**Problem statement**
Give back the lines of the entries below exactly as written, from the first line to the line holding "DNA-binding predictions for", both included, with the pictures omitted.

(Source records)
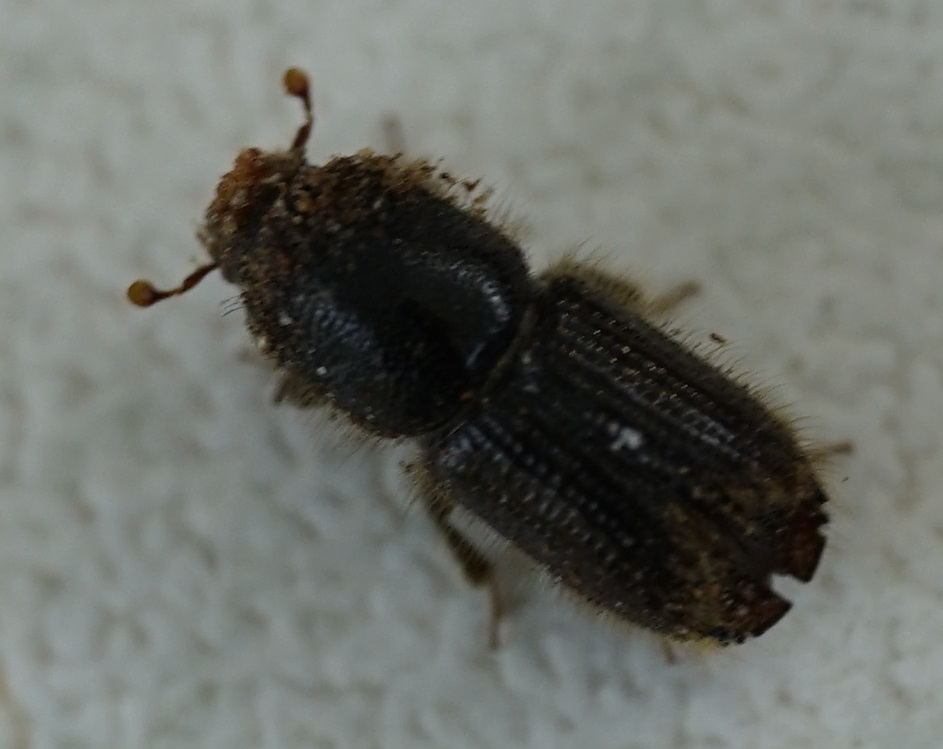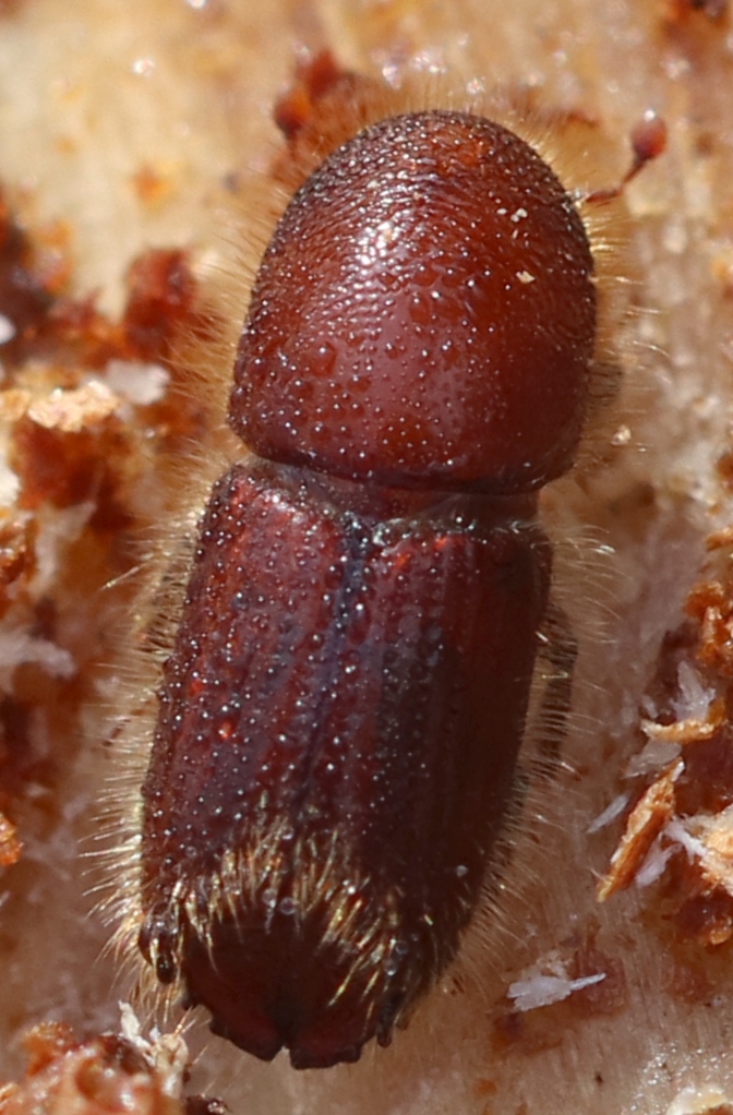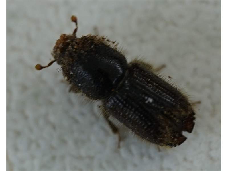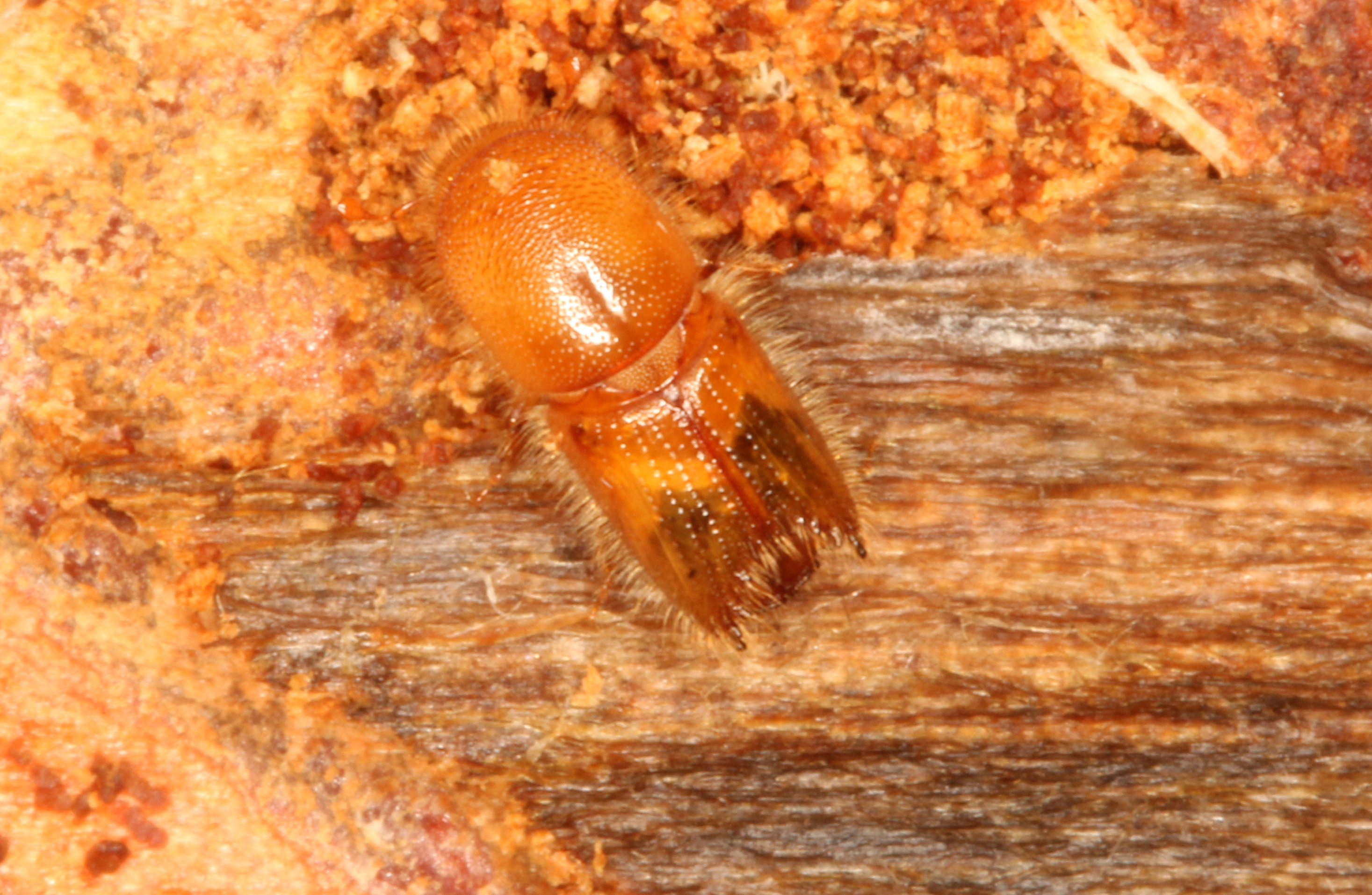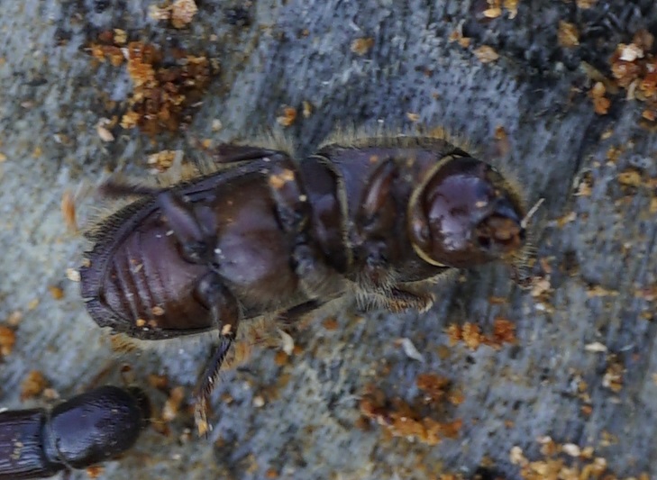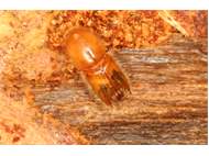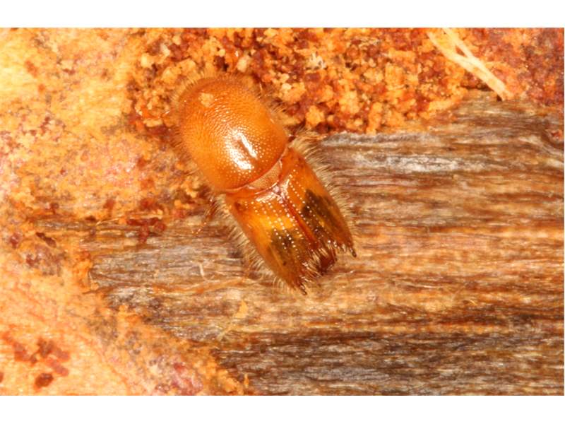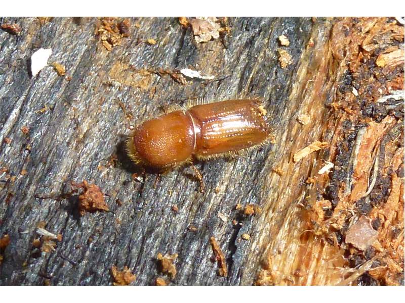 Imagines unter Borke von gestapelten Kiefernstämmen, Exuvien tw. noch in Puppenwiegen
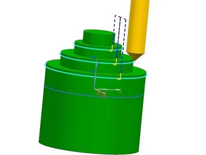 6、以上参数设置完成后,生成刀路就可以得到一条同时做出多台阶的C角的刀轨,如下图所示:
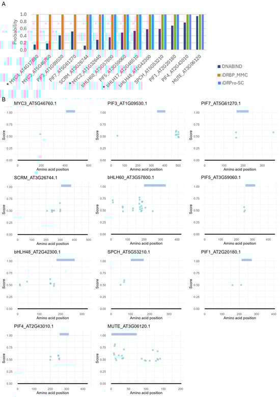 DNA-binding predictions for bHLH proteins with confirmed DNA-binding activity in Arabidopsis thaliana. (A) Protein-level predictions. DNABIND and iDRBP-MMC provide estimated probabilities of DNA-binding, while iDRPro-SC outputs binary classifications (1 = DNA-binding, 0 = non-DNA-binding). (B) Residue-level predictions by DRNApred. Colored bars at the top of each panel indicate the predicted bHLH domain. No DNA-binding residues were predicted for some proteins, which were indicated with * in panel (A).
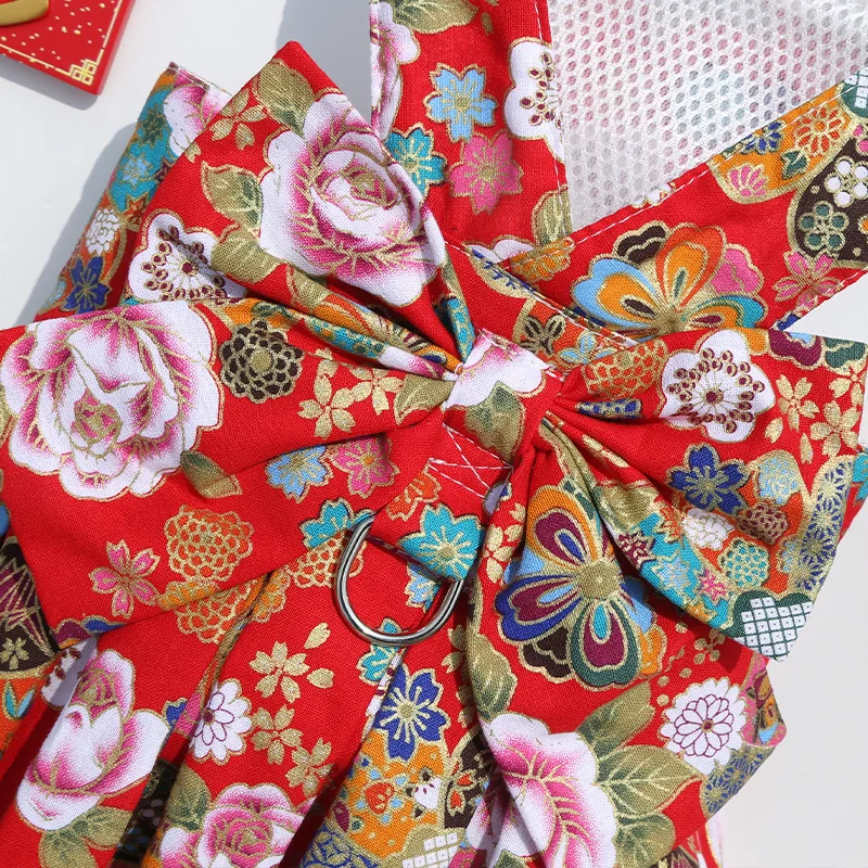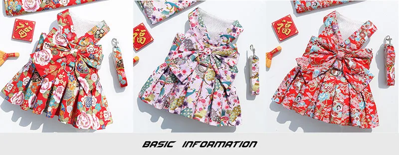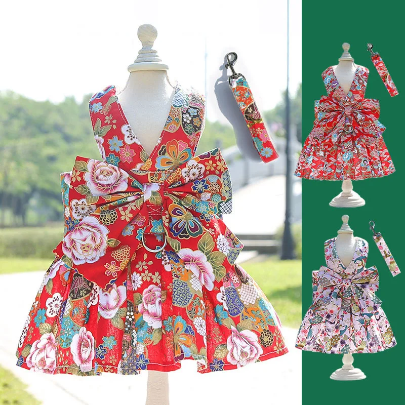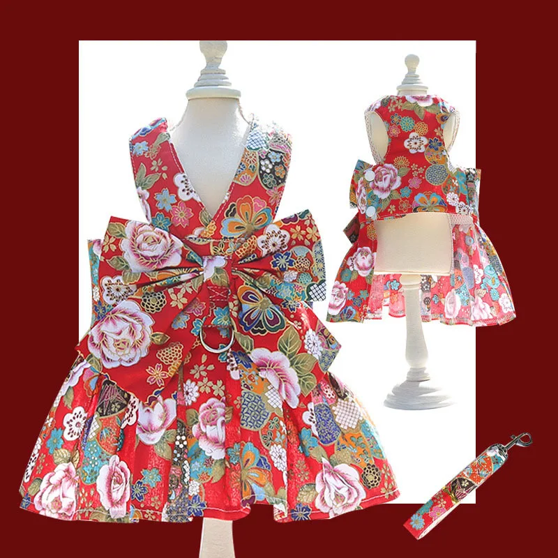 Комплект для собаки в китайском стиле с подвязкой и поводком, платье для французского бульдога, одежда для маленьких собак, товары для нового года, чихуахуа
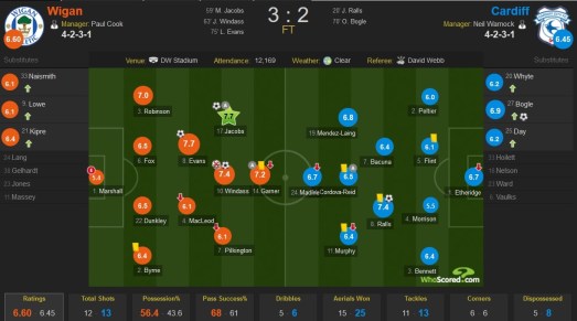 Cook kept faith in the enigmatic Josh Windass, who went on the score the first goal and have a hand in the other two. Playing without a big man up front means puts an onus on defenders and midfielders to be more creative. Windass has genuine pace that allows him to pounce on well-hit long passes. It is so refreshing following the mindless long-ball approach that characterized Wigan’s away performances for so long.
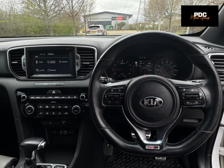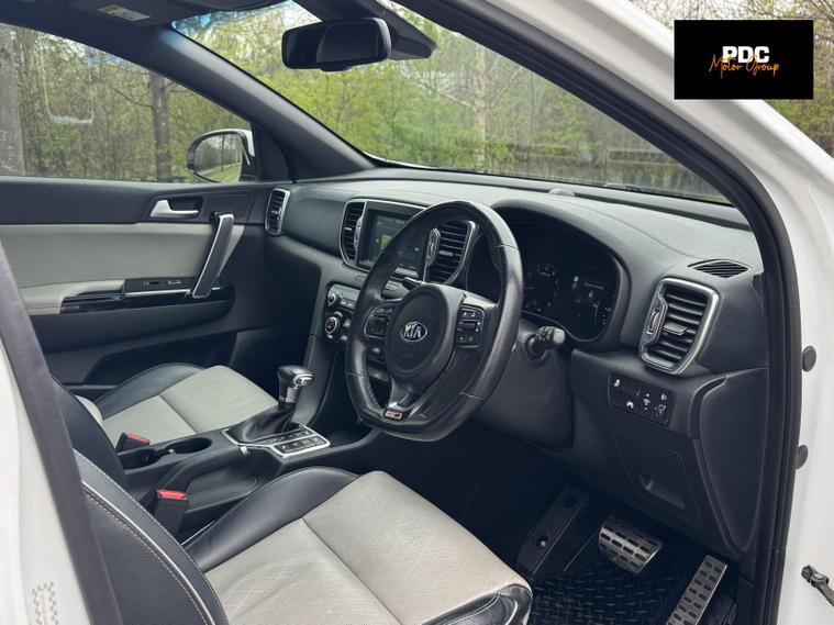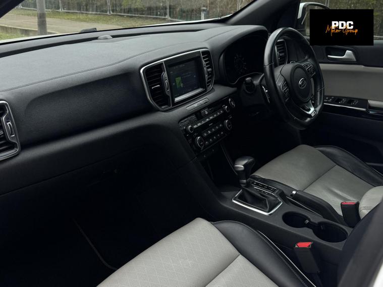 KiaSportage 1.6 T-GDi GT-Line SUV 5dr Petrol DCT AWD Euro 6 (174 bhp), HPI CLEAR, ULEZ Compliant. This vehicle has been well maintained with full dealer service history in book. This vehicle is finished in a stunning white metallic paintwork with black and cream two tone leather interior. This vehicle has just been recently serviced and health checked. This car has been well maintained and drives well. This vehicle also has a very high specification with many optional extras, automatic headlights, front and rear heated seats, lane keep assist, Bluetooth connectivity, navigation, touchscreen infotainment, cruise control, DAB radio, parking sensors front and rear, reverse view camera, daytime running LED lights, electric windows all around, phone connectivity, and many many more options too long to list! This car is a must see!

**Completed task**
 Imagines unter Borke von gestapelten Kiefernstämmen, Exuvien tw. noch in Puppenwiegen
 6、以上参数设置完成后,生成刀路就可以得到一条同时做出多台阶的C角的刀轨,如下图所示:
 DNA-binding predictions for bHLH proteins with confirmed DNA-binding activity in Arabidopsis thaliana. (A) Protein-level predictions. DNABIND and iDRBP-MMC provide estimated probabilities of DNA-binding, while iDRPro-SC outputs binary classifications (1 = DNA-binding, 0 = non-DNA-binding). (B) Residue-level predictions by DRNApred. Colored bars at the top of each panel indicate the predicted bHLH domain. No DNA-binding residues were predicted for some proteins, which were indicated with * in panel (A).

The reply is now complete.